I love their Crinkly little whiskers and their feet, Actually everything :2thumb:

Very lucky! 
Good luck with your breeding plans


----------



## Emmaj (Dec 3, 2007)

bless them they are hooooooje now :flrt:

i so love the updates on this adorable pair :flrt:

yes pleasie keep us updated :2thumb::no1:


----------



## dazdaraz (Feb 23, 2008)

thats great that they both got a clean bill of health!

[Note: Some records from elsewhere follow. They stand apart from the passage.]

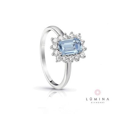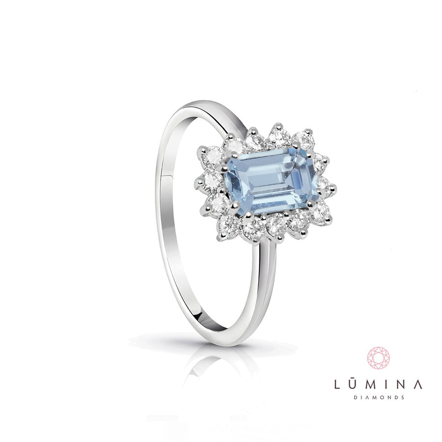 Anello con acquamarina ottagonale e contorno di diamanti
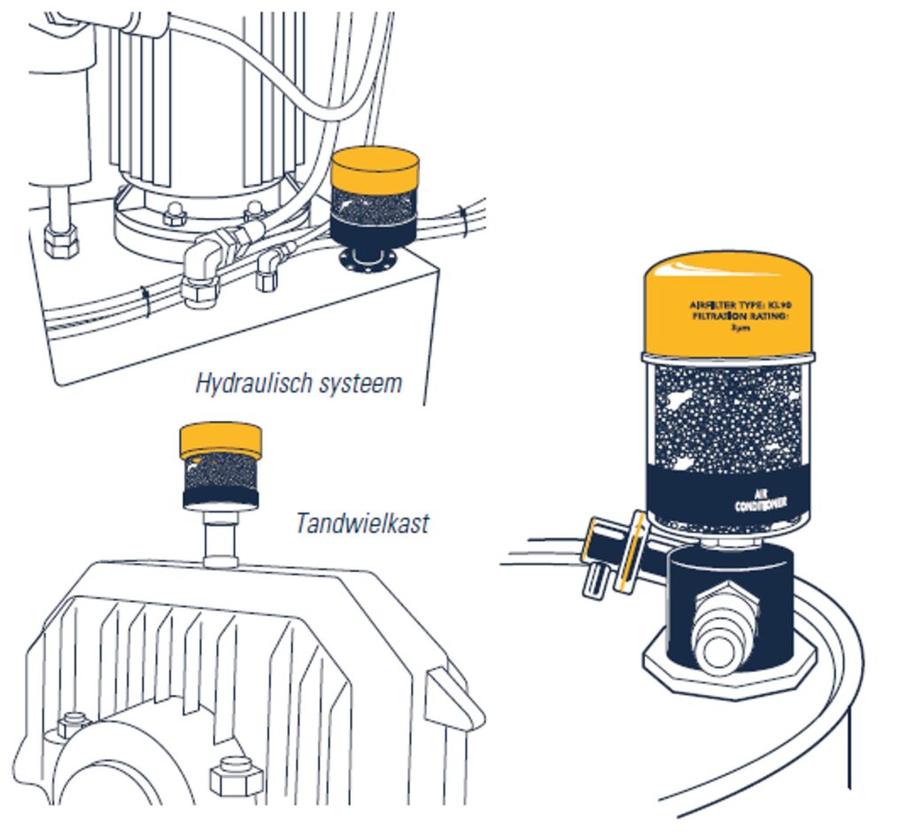 Hydraulische en smeeroliën moeten vrij worden gehouden van contaminatie en water. De meeste reservoirs moeten in staat zijn te ademen, waardoor waterdamp en vaste deeltjes in de olie terecht kunnen komen. Temperatuurschommelingen in het reservoir resulteren in condensvorming wat niet alleen leidt tot oxidatie van de oliën, maar ook tot mogelijke aanzienlijke mechanische schade. Beluchters voorkomen vocht en vuil in systemen en met olie gevulde drums.
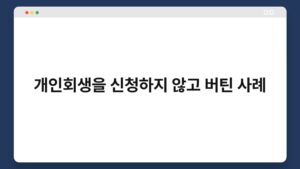 재정적 어려움, 누구에게나 찾아올 수 있는 문제입니다. 많은 사람들이 이 상황에서 개인회생을 신청하는 대신 버티기를 선택하기도 합니다. 과연 이러한 선택이 어떤 결과를 초래할까요? 오늘은 개인회생을 신청하지 않고 버틴 사례들을 통해 그 이면을 살펴보겠습니다. 이 글을 ...
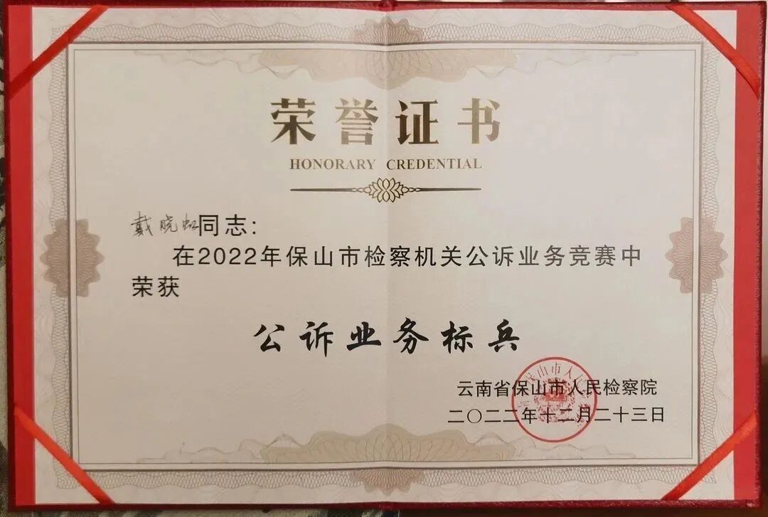 坚持人才兴检,激发队伍活力。严把干警招录选调标准,把好检察队伍的“入口关”,注重培养干警终身学习理念,鼓励干警在职提升学习。共招录选调全日制法学研究生4人,在职政读研究生学历4人,占队伍总人数的15.1%。多形式、多渠道培养锻炼干警,为干警搭建成长成才的舞台和平台,组织开展演讲比赛、知识竞赛、“检察人讲检察故事”系列活动,充分发掘干警潜能,让干警敢于走上舞台、充分展示自己。组织干警参与全市、全省公诉人大赛、“红土地之歌”演讲大赛、微党课比赛,锻炼提升干警综合素能。1名干警在保山市公诉人业务竞赛中获评“业务标兵”。1名干警荣获“红土地之歌”演讲大赛优秀奖和“学习贯彻落实党的二十大精神 建功新时代”主题微党课比赛“三等奖”。注重典型示范引领。充分挖掘立足岗位默默奉献、担当尽责、工作实绩突出的先进典型,发挥先进典型的示范引领作用,带动全体干警积极进取、担当作为。2022年以来,先后推出保山市“最美家庭”、保山市教育高质量发展“先进个人”、民族团结进步模范个人等一批先进个人,“腾.爱”未检办案团队被腾冲市委评为“青年文明号”。院集体被表彰为腾冲市民族团结进步模范集体,保山市模范机关、保山市平安单位。

and they werent tryin to kill each other which is good.
hope all goes well with the breedin

daz


----------



## africa (Sep 12, 2008)

They are stunning,definitely an animal/s I would like to keep:2thumb: Good luck with breeding.


----------



## stoaty (Jul 21, 2008)

Will be following this with interest.
Please keep us updated.

regards
Ian


----------



## carlycharlie (Jan 16, 2008)

Good luck with the breeding program, once they decide they like each toher of course :lol2::lol2:

They both look stunning as always :2thumb:


----------



## Elina (Jul 22, 2009)

They are adorable!
What size litters Virginia Opossums have?
-
Elina


----------



## wayne the pain (Dec 28, 2007)

Great looking animals, hope they breed for you. Looking forward to seeing pix of your opossum with babies.


----------



## byglady (Jun 9, 2007)

Elina said:


> They are adorable!
> What size litters Virginia Opossums have?
> -
> Elina


They can have up to 20 babies but after 12-13 days they make their way up to her pouch and there is only 13 nipples for the babies to suckle onto, once they are attached the nipple swell to fit the babies mouth. 

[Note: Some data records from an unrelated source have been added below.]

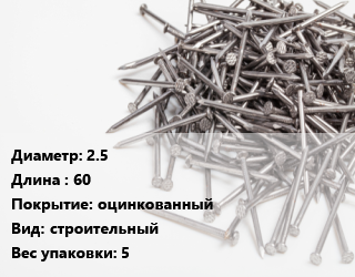 Гвоздь 2.5х60 оцинкованный строительный 5
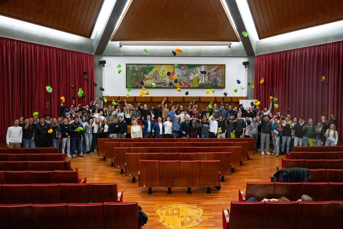 Il cuore della cerimonia è stata però la consegna dei diplomi ai circa cento studenti presenti. Prima della consegna, il pubblico ha assistito allo spettacolo “Il diritto di sbagliare”, di e con Lucio Gardin, un momento capace di coniugare riflessione e leggerezza, in sintonia con il significato educativo della giornata. La cerimonia si è svolta in un momento particolarmente significativo per la FEM, ad iscrizioni appena concluse per il prossimo anno scolastico. A conclusione dell’evento, la tradizionale foto di gruppo con il lancio del cappellino e un momento conviviale hanno suggellato una giornata di festa e di orgoglio per l’intera comunità scolastica.
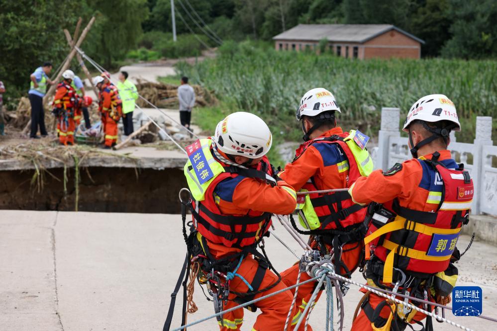 8月6日,吉林市消防救援支隊隊員利用繩橋解救受困村民。
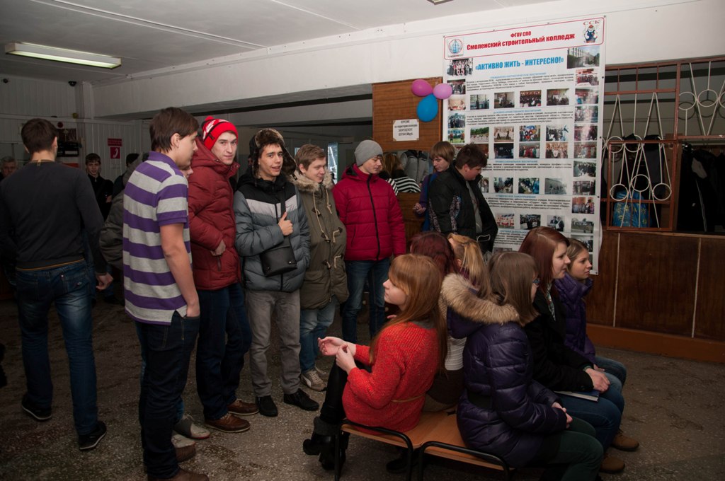 С 5.02.2013 по 8.02.2013 года в ОГБОУ СПО «Смоленский строительный колледж» проходила Неделя открытых дверей, организованная профориентационной службой колледжа (рук. Зотина А.Н.) Целью данного проекта стала информационная поддержка школьников по проблеме профессионального самоопределения. Гостями колледжа стали учащиеся Промышленного УПК и старшеклассники МБОУ СОШ №25 г. Смоленска. Цикловые комиссии специальных дисциплин и преподаватели Денисова Н.П., Константинова Н.М представили ребятам выставку студенческих работ. Школьники смогли познакомиться с курсовыми проектами студентов-строителей по дисциплинам «Промышленная архитектура» и «Технологии строительного производства». Особый интерес вызвали работы студентов-архитекторов, представленные в графической технике, в живописной, а также макетами зданий и сооружений.
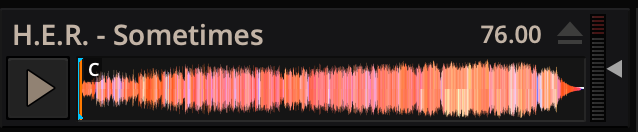The cover art of the track loaded into the deck is displayed on the left side of the track. This is the same as the cover art that is shown under the Cover Art column heading in the Mixxx library.
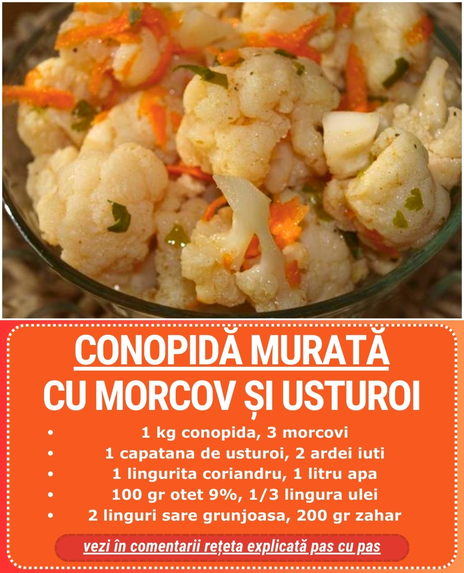 Conopida murata cu morcov si usturoi este foarte picanta, tocmai de aceea sotul meu o adora. Folosesc aceasta reteta de conopida murata de ani de zile. Niciodata nu dau gres. Incearc-o si tu!Conopidă proaspătăMorcovi bio
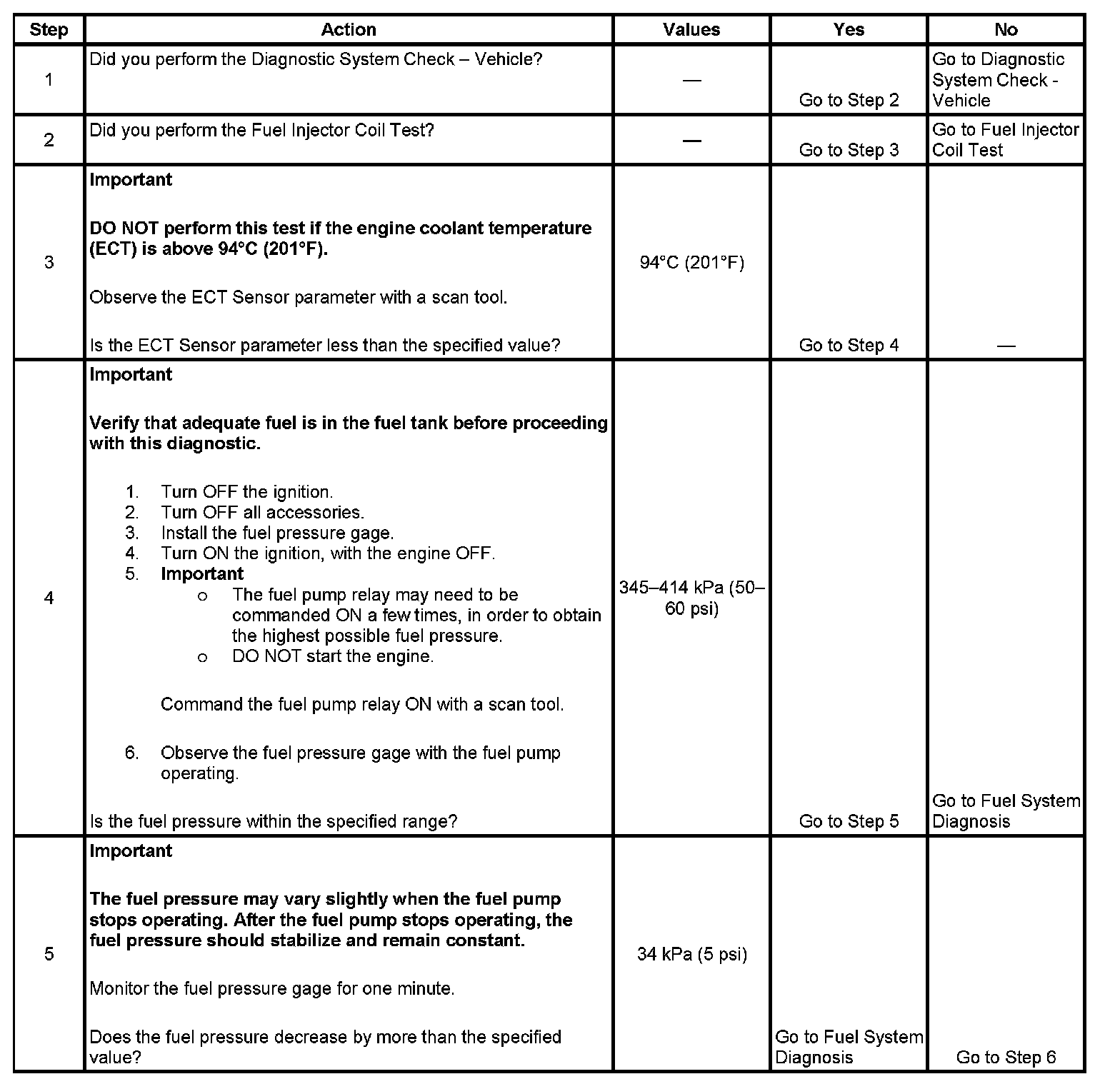 3. The engine coolant temperature (ECT) must be below the operating temperature in order to avoid irregular fuel pressure readings due to hot soak fuel boiling.

the average size of litter is 7 however, we have seen pictures of bigger litters.


----------



## Elina (Jul 22, 2009)

Gosh that is quite a few!
-
Elina


----------



## Jade01 (Feb 21, 2007)

very nice!
out of interest are these expensive to buy, ive never seen them for sale before.. their really gorgeous!


----------



## Amalthea (Oct 2, 2007)

I found it!!! *blush*

Great news that they both got clean bills of health!! They are amazing and I would love to have the pleasure of keeping one (or a few) at some point! I love hearing about O and Patrick! Good luck!


----------



## babymarley (Nov 24, 2009)

ohh how cute are these good luck with breeding :flrt:


----------



## byglady (Jun 9, 2007)

*Quick Update*

We have given up on the breeding at the moment, Patrick has returned home. O was not very cooperative about the whole thing, every time Patrick made his advances she bit him. 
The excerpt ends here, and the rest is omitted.